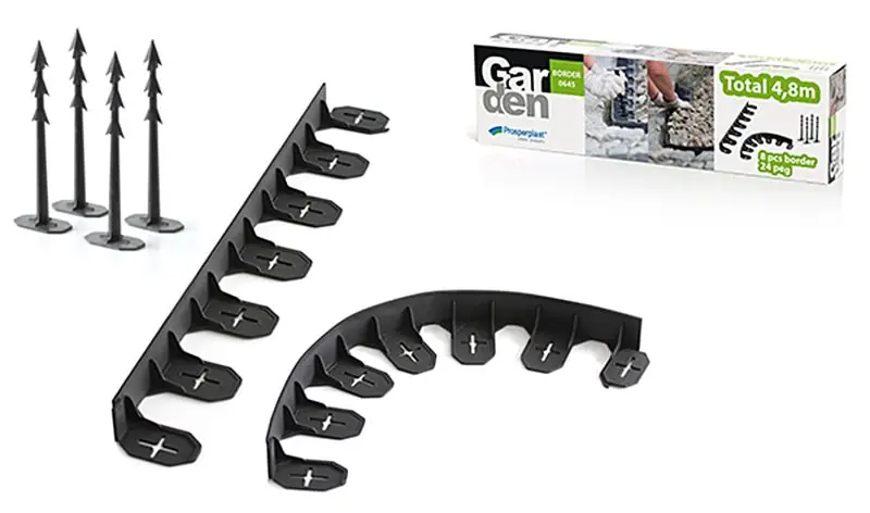– din material flexibil, modelabil – inaltime 45 mm – folosire: – previne creșterea excesivă – ideal pentru separarea gazonului de patul de flori – ușurează tunderea gazonului – inclusiv 24 de știfturi de fixare
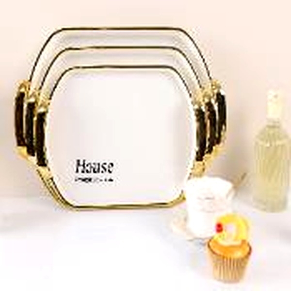صينية بلاستيكية بيضاوية الشكل مطلية برقائق ذهبية مع مقبض
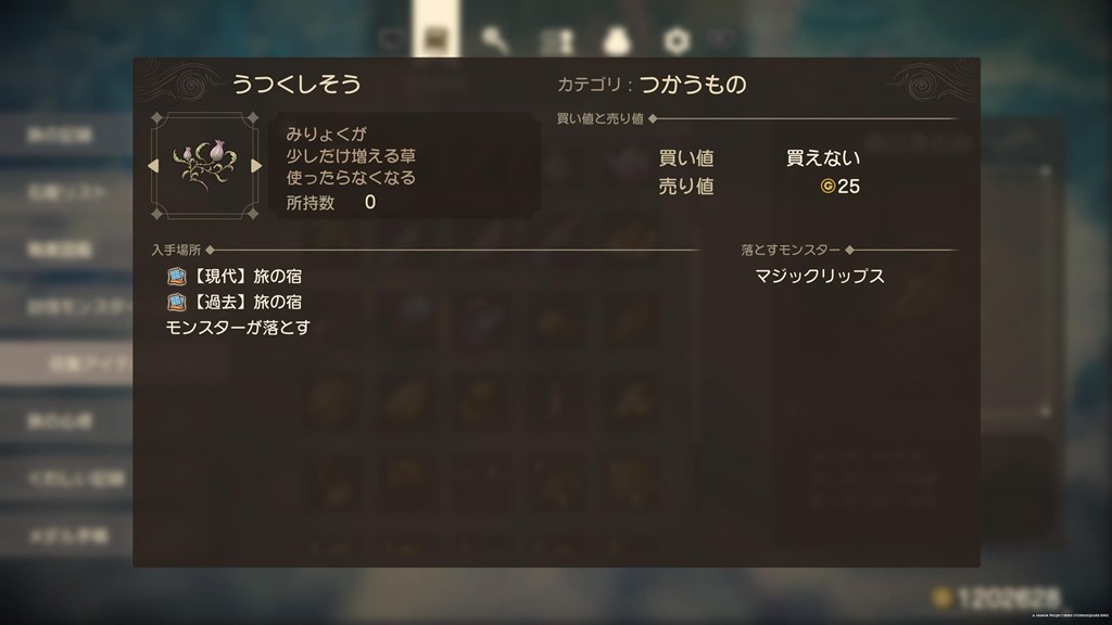 現代のメザレ周辺でスライム系をかるか、現代のサンゴの洞くつ周辺で「アンクルホーン」をかるかの2択になると思います。
-=-=-
§ TASK GOAL
The answer is the run of lines from the one with "صينية بلاستيكية بيضاوية" through the final line of the data, copied exactly, and nothing else; no pictures.

§ EXERCISE SOLUTION
صينية بلاستيكية بيضاوية الشكل مطلية برقائق ذهبية مع مقبض
 現代のメザレ周辺でスライム系をかるか、現代のサンゴの洞くつ周辺で「アンクルホーン」をかるかの2択になると思います。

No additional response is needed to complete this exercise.